The Pitts: Just a few weeks ago, Pittsburgh looked like they could make the playoffs, but things have gone south and they even committed seven errors in one game. Since they’re the Pirates, shouldn’t they call them arrrrr-ors?

Rumor has it: In response to rumors he was under suspicion for using steroids, A.J. Pierzynski got very angry. Smart move. That kind of rage will distract everyone from his bacne and shrunken testicles.

Off the mark: The Yankees’ Mark Teixeira could be out for the season with a calf injury and the team isn’t sure how they’re going to replace him. Don’t worry, New York fans, there are plenty of other douchebags down at the CVS.

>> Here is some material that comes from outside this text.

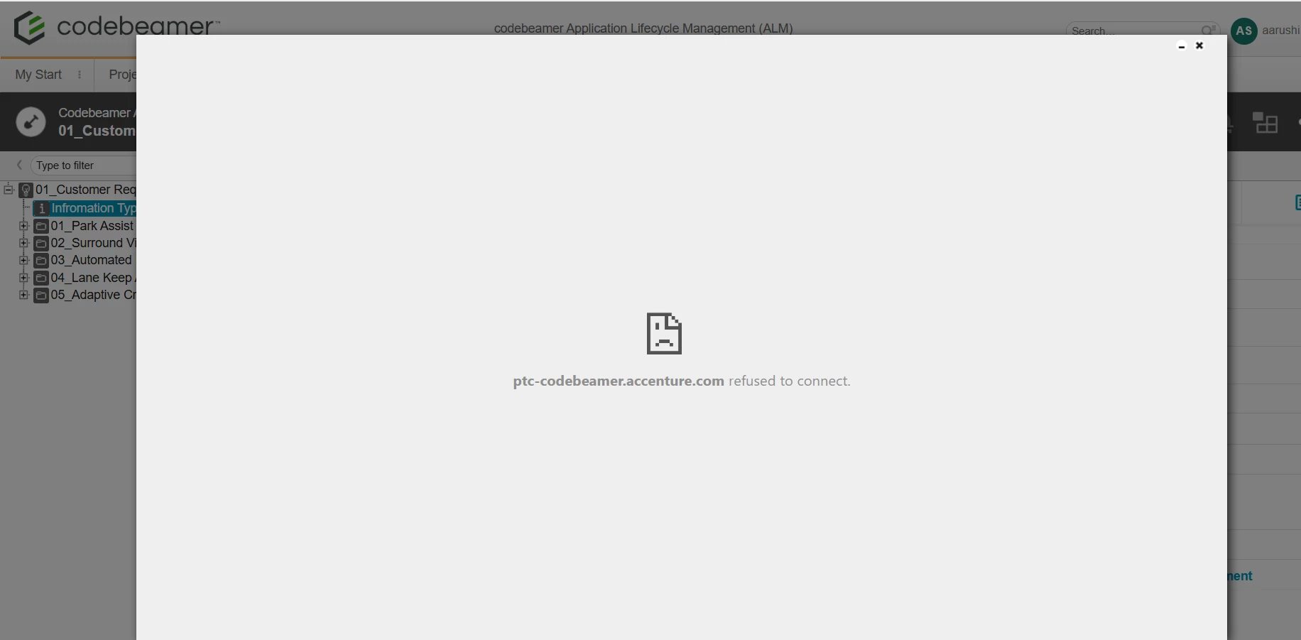 I created a custom choice field to add the links of requirements of same project but from a different tracker. When I try to add it by clicking on the 'pencil icon' then a page appears with error "codebeamer refused to connect".

Wild cards: The Dodgers are discussing a long-term deal with the team’s mostly inept general manager Ned Colletti. He is the Chris Brown to their Rihanna.

Simply the worst: The Houston Astros garnered less than 1,100 viewers for a televised game. I guess nobody really wants to watch a snuff film.

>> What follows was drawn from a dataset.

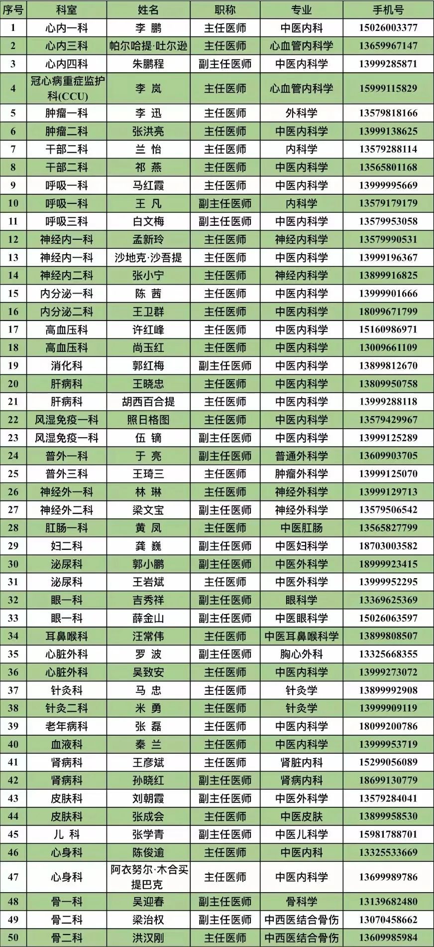 为贯彻落实自治区党委、自治区人民政府关于全方位做好群众涉疫就诊困难诉求工作的部署要求,充分发挥中医药在治疗上“简便验廉”的特色和基础病用药指导,确保群众利用电话联系和咨询及时、有效、快速解决群众急难愁盼的就医问题,beat365中文官方网站附属中医医院(自治区中医医院)向社会公开各专业的五十名医疗专家联系电话。

End game: The San Francisco Giants tied a record using 11 pitchers in a game – and they lost. Maybe next time the team will think twice about randomly bringing fans in to pitch. That’s a weird promotional tool. Ha ha! Just kidding! They didn’t use fans. That would be stupid – like using 11 pitchers in a single game.

Extra Innings

NFL kickoff: The National Football League season started. Cleveland Browns jerseys now available for half price.

More NFL: The Eagles barely squeaked out a win against the lowly Browns. Philly QB Michael Vick was clearly distracted by all the action in Cleveland’s “Dog Pound.”

More NFL: While beating the Titans, the Patriots’ Tom Brady hurt his nose when he was being sacked. “Dear God, not his beautiful face!” I cried.

More NFL: #1 draft pick Andrew Luck said he was offered all the same commercials as Robert Griffin III, but felt he should earn them first by his play. Week 1: 3 picks + 1 loss = 0 commercials earned.

Politically incorrect: Nicki Minaj announced her endorsement for Mitt Romney in the 2012 presidential election – the first allegiance of robots against human beings.

Third time’s a charm: Ryan Reynolds and Blake Lively are married. It’s Reynolds’ third marriage, so don’t worry, ladies, there’s always next year.

Hair club: An intruder was arrested at singer/actress Miley Cyrus’ home. Authorities say he was armed with a pair of scissors and a passionate distaste for her new hairstyle.

King’s ransom: Elvis Presley’s bible fetched $94,600 at a UK auction. This special bible features the 11th Commandment: Thou shalt not step on my blue suede shoes.